THE RECORDS ->
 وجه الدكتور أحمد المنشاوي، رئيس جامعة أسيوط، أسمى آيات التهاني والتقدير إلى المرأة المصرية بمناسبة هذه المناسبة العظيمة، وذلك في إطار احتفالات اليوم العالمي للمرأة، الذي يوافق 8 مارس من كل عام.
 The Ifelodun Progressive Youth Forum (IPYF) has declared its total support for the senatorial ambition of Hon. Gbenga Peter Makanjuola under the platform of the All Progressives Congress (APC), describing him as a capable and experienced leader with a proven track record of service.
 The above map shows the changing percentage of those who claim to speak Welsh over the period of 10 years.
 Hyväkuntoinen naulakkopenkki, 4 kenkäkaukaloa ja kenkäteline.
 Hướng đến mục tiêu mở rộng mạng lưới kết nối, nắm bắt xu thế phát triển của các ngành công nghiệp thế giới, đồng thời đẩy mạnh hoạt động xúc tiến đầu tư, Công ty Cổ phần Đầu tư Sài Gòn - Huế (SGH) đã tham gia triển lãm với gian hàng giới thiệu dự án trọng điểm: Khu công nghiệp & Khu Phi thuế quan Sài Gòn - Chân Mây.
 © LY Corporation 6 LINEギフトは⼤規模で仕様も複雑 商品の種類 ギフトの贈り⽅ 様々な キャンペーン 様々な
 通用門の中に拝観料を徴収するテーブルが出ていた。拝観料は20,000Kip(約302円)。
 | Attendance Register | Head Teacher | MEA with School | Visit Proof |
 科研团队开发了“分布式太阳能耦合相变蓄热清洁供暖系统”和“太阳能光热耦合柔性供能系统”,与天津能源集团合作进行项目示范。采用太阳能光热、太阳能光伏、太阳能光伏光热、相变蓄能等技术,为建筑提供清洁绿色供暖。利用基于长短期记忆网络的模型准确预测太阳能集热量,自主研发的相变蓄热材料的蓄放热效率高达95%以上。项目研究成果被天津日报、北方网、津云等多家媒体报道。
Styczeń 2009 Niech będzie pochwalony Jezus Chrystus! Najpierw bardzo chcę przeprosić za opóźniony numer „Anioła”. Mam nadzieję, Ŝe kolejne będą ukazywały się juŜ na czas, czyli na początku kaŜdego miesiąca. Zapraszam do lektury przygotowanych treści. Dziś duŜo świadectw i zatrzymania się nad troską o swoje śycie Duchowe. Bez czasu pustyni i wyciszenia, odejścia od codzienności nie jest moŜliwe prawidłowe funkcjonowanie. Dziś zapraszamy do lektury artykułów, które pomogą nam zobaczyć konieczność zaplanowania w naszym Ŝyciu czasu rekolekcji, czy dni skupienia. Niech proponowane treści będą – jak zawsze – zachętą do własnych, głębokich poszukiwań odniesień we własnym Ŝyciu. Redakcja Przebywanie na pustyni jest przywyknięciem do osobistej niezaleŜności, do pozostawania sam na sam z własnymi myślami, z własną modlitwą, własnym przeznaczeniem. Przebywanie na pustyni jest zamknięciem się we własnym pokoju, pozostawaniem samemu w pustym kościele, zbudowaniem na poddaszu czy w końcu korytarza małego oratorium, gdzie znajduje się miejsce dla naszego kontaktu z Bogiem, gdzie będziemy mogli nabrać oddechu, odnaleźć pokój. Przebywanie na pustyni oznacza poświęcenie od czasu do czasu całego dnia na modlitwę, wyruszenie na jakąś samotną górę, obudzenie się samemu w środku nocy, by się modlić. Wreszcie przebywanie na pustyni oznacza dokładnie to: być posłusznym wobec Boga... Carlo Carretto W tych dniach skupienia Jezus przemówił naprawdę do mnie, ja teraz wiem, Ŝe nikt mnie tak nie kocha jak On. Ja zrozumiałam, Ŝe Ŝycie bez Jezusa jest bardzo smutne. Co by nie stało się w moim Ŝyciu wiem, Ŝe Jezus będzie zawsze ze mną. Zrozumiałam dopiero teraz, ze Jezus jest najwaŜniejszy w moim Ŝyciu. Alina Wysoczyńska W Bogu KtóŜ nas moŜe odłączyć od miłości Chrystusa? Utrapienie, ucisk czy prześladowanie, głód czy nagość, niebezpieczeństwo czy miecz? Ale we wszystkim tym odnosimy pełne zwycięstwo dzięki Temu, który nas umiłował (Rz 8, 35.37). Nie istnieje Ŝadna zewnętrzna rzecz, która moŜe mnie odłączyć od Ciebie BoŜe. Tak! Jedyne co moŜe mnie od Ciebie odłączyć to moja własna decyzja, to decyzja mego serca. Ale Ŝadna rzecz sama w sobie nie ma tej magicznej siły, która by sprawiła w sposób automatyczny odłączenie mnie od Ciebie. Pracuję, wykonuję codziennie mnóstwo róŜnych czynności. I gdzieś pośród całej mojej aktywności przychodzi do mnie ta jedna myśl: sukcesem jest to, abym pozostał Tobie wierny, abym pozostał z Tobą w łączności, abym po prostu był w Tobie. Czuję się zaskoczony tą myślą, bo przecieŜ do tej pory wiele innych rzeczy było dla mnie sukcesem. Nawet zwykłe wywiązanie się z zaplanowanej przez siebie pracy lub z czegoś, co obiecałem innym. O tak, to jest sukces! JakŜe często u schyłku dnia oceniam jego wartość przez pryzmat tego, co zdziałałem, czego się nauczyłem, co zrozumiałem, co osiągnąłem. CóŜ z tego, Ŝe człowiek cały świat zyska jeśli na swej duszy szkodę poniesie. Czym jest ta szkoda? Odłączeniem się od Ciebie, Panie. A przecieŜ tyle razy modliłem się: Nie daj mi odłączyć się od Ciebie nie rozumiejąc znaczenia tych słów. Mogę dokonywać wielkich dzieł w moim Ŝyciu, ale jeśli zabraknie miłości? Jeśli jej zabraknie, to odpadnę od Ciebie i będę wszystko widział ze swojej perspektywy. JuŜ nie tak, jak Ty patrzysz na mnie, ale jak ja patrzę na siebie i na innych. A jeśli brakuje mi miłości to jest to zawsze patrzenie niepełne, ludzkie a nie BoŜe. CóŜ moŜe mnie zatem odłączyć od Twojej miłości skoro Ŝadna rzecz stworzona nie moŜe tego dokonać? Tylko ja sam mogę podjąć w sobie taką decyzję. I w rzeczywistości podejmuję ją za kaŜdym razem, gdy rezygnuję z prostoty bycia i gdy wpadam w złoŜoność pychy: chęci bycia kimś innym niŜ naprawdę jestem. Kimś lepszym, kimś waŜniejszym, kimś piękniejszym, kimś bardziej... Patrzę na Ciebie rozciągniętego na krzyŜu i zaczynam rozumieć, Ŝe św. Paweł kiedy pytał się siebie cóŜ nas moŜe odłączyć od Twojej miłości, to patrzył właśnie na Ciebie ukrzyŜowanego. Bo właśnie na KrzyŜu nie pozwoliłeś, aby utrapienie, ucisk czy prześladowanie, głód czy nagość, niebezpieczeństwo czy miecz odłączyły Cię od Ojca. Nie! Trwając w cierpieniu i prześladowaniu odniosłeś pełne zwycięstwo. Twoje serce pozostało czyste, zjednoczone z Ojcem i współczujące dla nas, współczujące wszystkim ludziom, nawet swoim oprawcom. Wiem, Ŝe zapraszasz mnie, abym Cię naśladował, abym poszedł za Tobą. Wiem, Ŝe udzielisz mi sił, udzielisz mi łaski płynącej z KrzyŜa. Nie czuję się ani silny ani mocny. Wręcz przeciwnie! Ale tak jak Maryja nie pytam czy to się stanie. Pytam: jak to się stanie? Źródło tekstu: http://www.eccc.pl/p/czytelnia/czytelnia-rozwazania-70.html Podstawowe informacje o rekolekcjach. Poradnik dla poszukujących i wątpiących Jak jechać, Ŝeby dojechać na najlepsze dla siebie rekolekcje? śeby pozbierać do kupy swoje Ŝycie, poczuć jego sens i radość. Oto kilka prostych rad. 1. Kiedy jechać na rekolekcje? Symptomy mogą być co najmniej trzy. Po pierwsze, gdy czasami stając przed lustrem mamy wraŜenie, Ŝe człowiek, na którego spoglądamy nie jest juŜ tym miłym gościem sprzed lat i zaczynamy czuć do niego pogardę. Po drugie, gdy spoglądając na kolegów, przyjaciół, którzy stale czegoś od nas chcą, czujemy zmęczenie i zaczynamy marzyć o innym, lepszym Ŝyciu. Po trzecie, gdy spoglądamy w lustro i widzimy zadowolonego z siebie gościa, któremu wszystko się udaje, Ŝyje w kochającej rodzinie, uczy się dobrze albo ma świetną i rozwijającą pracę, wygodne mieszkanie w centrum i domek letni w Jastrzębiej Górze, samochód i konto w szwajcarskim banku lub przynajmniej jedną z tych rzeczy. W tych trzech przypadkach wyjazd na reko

DIRECTIONS ->
Copy out each line of the data that holds the string "with".

TASK SOLUTION ->
 The Ifelodun Progressive Youth Forum (IPYF) has declared its total support for the senatorial ambition of Hon. Gbenga Peter Makanjuola under the platform of the All Progressives Congress (APC), describing him as a capable and experienced leader with a proven track record of service.
 | Attendance Register | Head Teacher | MEA with School | Visit Proof |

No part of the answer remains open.